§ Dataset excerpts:

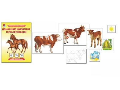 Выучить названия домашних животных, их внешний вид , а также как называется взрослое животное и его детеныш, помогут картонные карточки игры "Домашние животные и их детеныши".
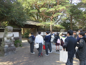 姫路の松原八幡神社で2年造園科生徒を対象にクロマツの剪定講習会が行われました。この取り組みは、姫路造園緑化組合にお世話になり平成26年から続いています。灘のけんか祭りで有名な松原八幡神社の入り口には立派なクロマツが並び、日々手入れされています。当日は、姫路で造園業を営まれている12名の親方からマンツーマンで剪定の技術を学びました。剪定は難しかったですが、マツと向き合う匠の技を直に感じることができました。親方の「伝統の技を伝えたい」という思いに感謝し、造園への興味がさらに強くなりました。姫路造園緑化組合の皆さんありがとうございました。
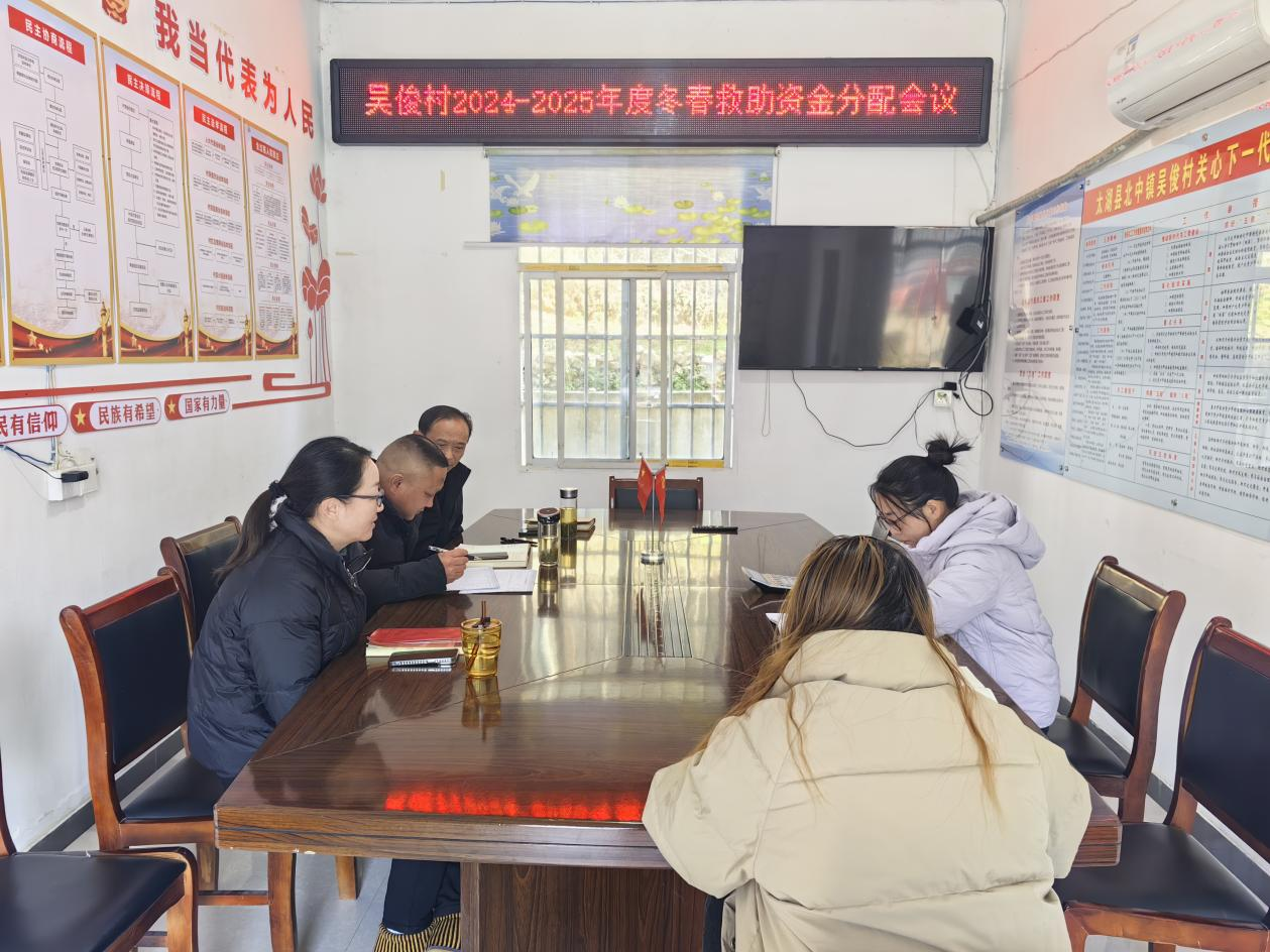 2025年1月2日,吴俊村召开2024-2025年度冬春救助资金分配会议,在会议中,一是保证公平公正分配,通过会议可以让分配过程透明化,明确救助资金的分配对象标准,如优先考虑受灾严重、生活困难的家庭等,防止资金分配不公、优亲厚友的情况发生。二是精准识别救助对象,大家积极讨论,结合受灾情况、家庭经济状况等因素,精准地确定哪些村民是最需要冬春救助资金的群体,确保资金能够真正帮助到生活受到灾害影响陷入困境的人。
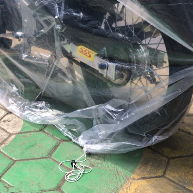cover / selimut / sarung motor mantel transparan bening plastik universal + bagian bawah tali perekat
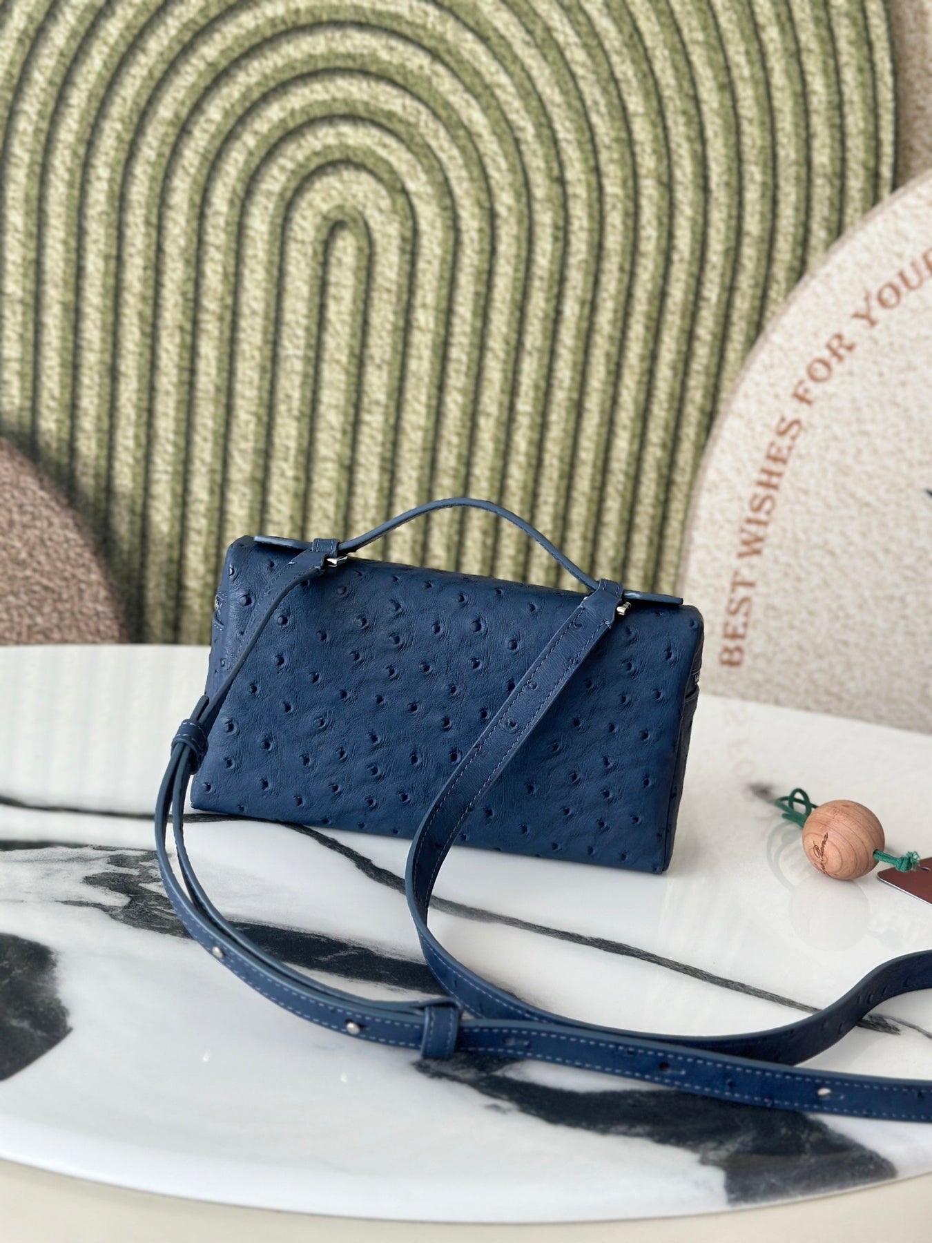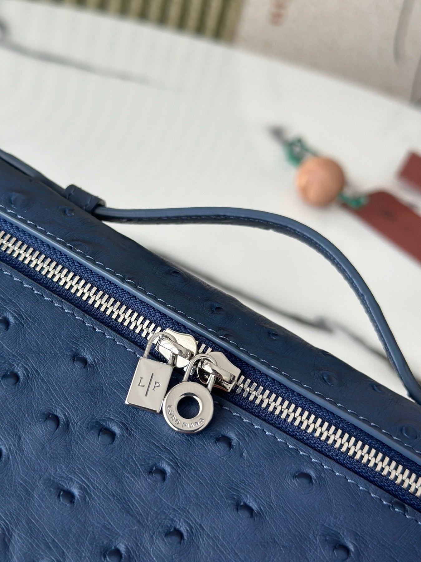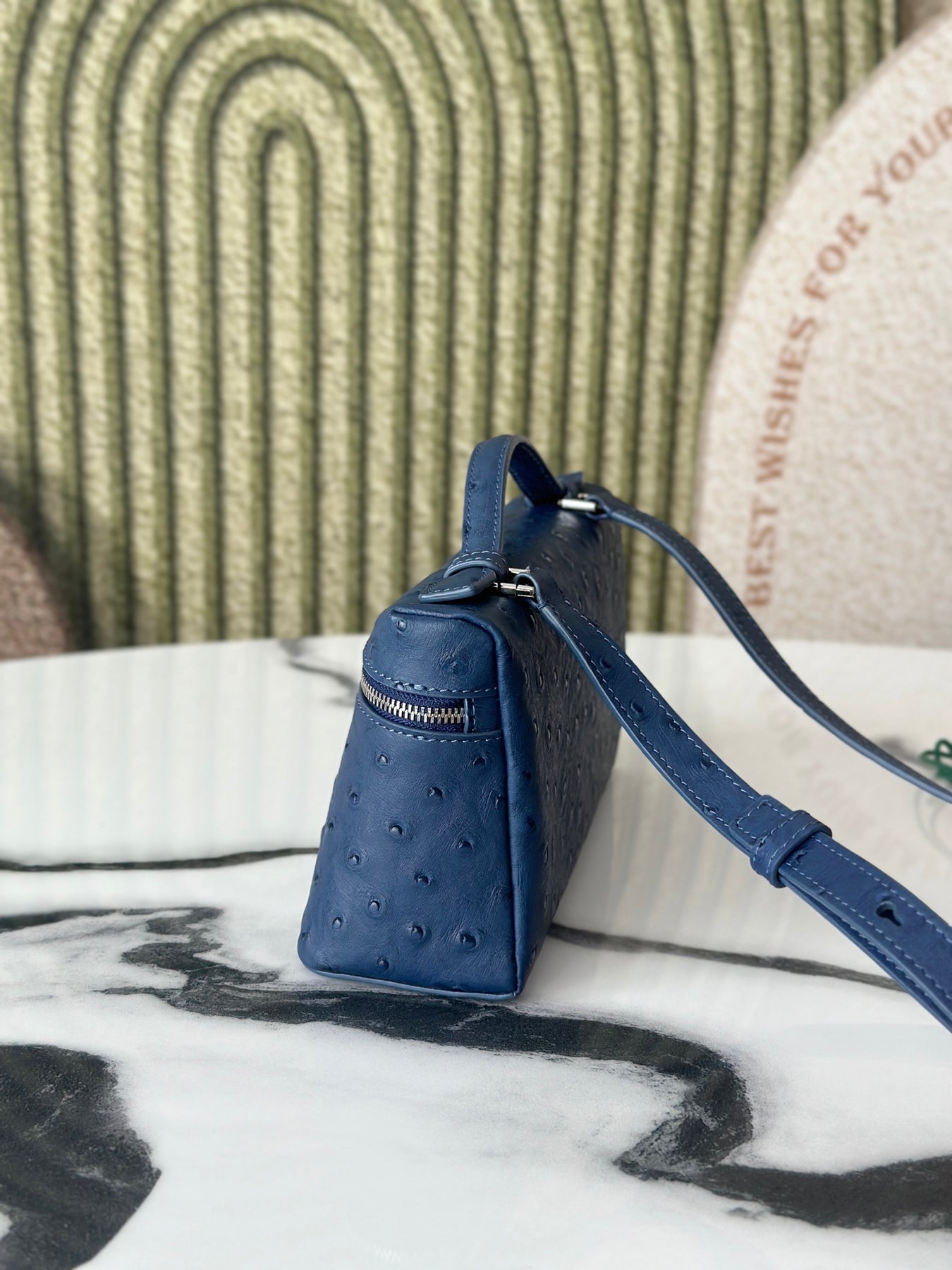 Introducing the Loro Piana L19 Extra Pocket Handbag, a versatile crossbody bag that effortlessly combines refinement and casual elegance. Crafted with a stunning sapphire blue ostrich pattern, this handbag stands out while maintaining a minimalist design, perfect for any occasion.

§ What to do: Set down word for word the lines above from the one with "2025年1月2日,吴俊村召" up to and including the one with "cover / selimut". Omit every picture.

§ Expected output:
 2025年1月2日,吴俊村召开2024-2025年度冬春救助资金分配会议,在会议中,一是保证公平公正分配,通过会议可以让分配过程透明化,明确救助资金的分配对象标准,如优先考虑受灾严重、生活困难的家庭等,防止资金分配不公、优亲厚友的情况发生。二是精准识别救助对象,大家积极讨论,结合受灾情况、家庭经济状况等因素,精准地确定哪些村民是最需要冬春救助资金的群体,确保资金能够真正帮助到生活受到灾害影响陷入困境的人。
cover / selimut / sarung motor mantel transparan bening plastik universal + bagian bawah tali perekat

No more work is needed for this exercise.